To access the data in the table one calls the class function related to that column. For example, to find the user whose name is Bob, one would use @user = User.find_by_name('Bob'). Then one could find Bob's e-mail by using @user.email. Users can be searched for by any attribute in this way, as find methods are created for every combination of attributes. While ActiveRecord provides the flexibility to create more sophisticated table relationships to represent class hierarchy, its base scheme is a single table inheritance, which trades some storage efficiency for simplicity in the database design. The following figure illustrates this concept of simplicity over efficiency.
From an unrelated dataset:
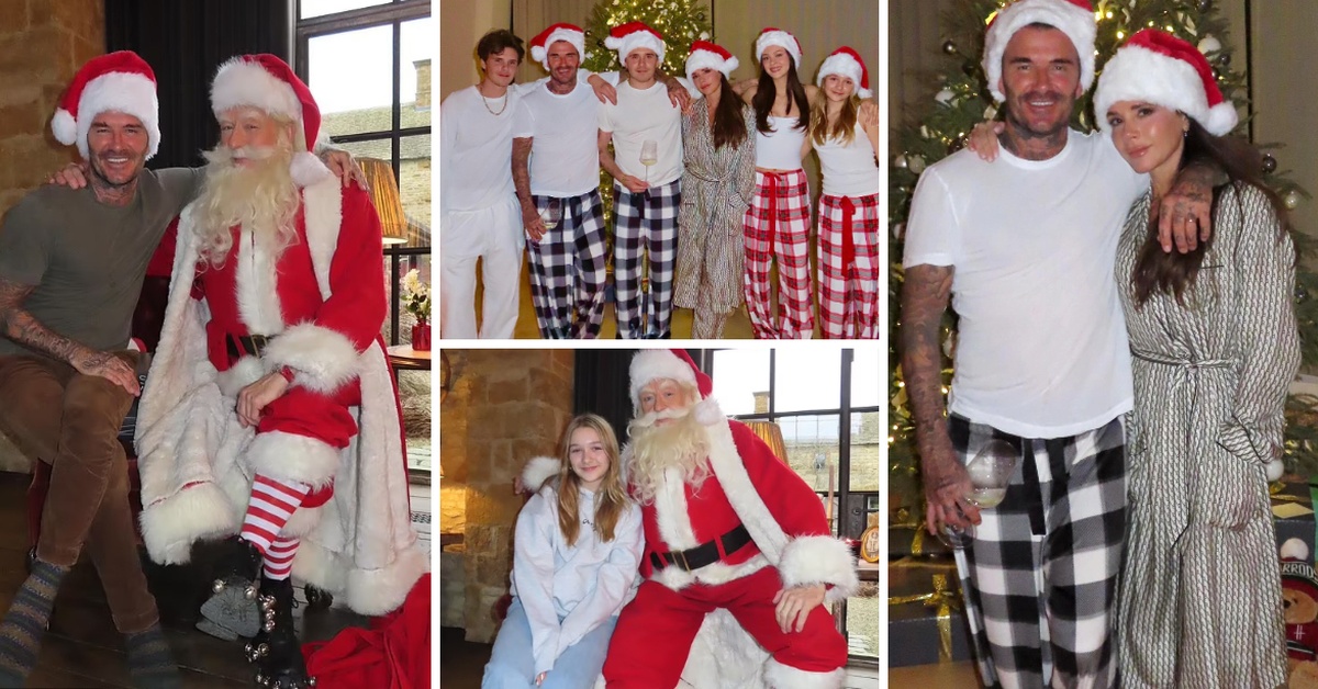 Викторија, Дејвид и нивните четири деца беа посетени од Дедо Мраз и позираа со него во топла празнична атмосфера. Славниот пар сподели фотографии на Instagram со ќерката Харпер, синовите Бруклин, Ромео и Круз и снаата Никола.

Active Record will perform queries on the database for you and is compatible with most database systems (MySQL, PostgreSQL and SQLite to name a few). Regardless of which database system you are using, the ActiveRecord method format will always be the same. To retrieve objects from the database, Active Record provides several finder methods. Each finder method allows you to pass arguments into it to perform certain queries on your database without writing raw SQL.

Pros

  • Integrated with popular Rails development framework.
  • Dynamically created database search methods (eg: User.find_by_address) ease db queries and make queries database syntax independent.
  • DB creation/management using the migrate scheme provides a means for backing out unwanted table changes.

Cons

  • DB creation/management is decoupled from the model, requiring a separate utility (rake/migrate) that must be kept in sync with application.

Sequel

Sequel is designed to take the hassle away from connecting to databases and manipulating them. Sequel deals with all the boring stuff like maintaining connections, formatting SQL correctly and fetching records so you can concentrate on your application. Sequel uses the concept of datasets to retrieve data. A Dataset object encapsulates an SQL query and supports chainability, letting you fetch data using a convenient Ruby DSL that is both concise and flexible.The current sequel version is 4.2.0. Initially Sequel had three core modules - sequel, sequel_core and sequel_model. Starting from version 1.4 , sequel and sequel_model were merged. Sequel handles validations using a validation plug-in and helpers.

Sequel::Model is an object relational mapper built on top of Sequel core. Each model class is backed by a dataset instance, and many dataset methods can be called directly on the class. Model datasets return rows as model instances, which have fairly standard ORM instance behavior.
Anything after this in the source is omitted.